Return the lines of the listing below exactly as they appear, beginning at the one with "みんなで大笑いしながら順番に" and stopping after the one with "项目地库延续首层入户大堂材质"; do not include pictures.

Recorded data:
┄┄┄┄┄┄┄┄┄┄┄┄┄┄┄┄┄┄┄┄

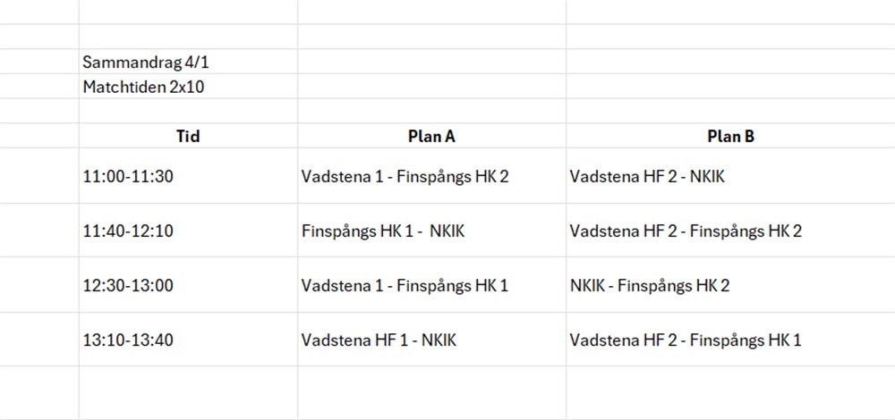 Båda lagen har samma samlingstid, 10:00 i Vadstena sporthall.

┄┄┄┄┄┄┄┄┄┄┄┄┄┄┄┄┄┄┄┄

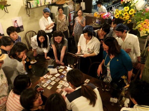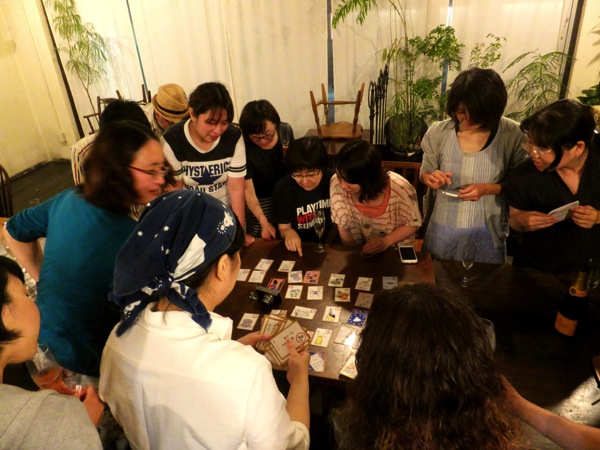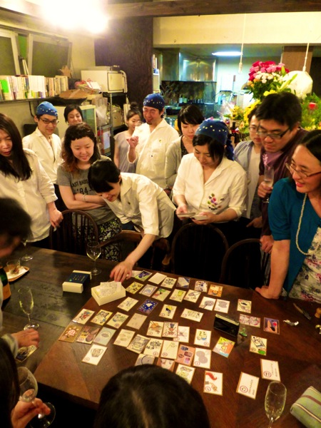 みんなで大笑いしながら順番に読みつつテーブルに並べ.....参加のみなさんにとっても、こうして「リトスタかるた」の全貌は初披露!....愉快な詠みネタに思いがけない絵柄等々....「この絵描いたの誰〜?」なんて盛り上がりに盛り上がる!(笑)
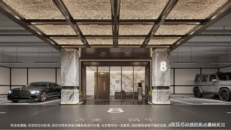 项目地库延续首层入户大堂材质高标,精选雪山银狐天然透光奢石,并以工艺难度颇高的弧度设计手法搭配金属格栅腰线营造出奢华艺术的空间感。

┄┄┄┄┄┄┄┄┄┄┄┄┄┄┄┄┄┄┄┄

Your solution:
 みんなで大笑いしながら順番に読みつつテーブルに並べ.....参加のみなさんにとっても、こうして「リトスタかるた」の全貌は初披露!....愉快な詠みネタに思いがけない絵柄等々....「この絵描いたの誰〜?」なんて盛り上がりに盛り上がる!(笑)
 项目地库延续首层入户大堂材质高标,精选雪山银狐天然透光奢石,并以工艺难度颇高的弧度设计手法搭配金属格栅腰线营造出奢华艺术的空间感。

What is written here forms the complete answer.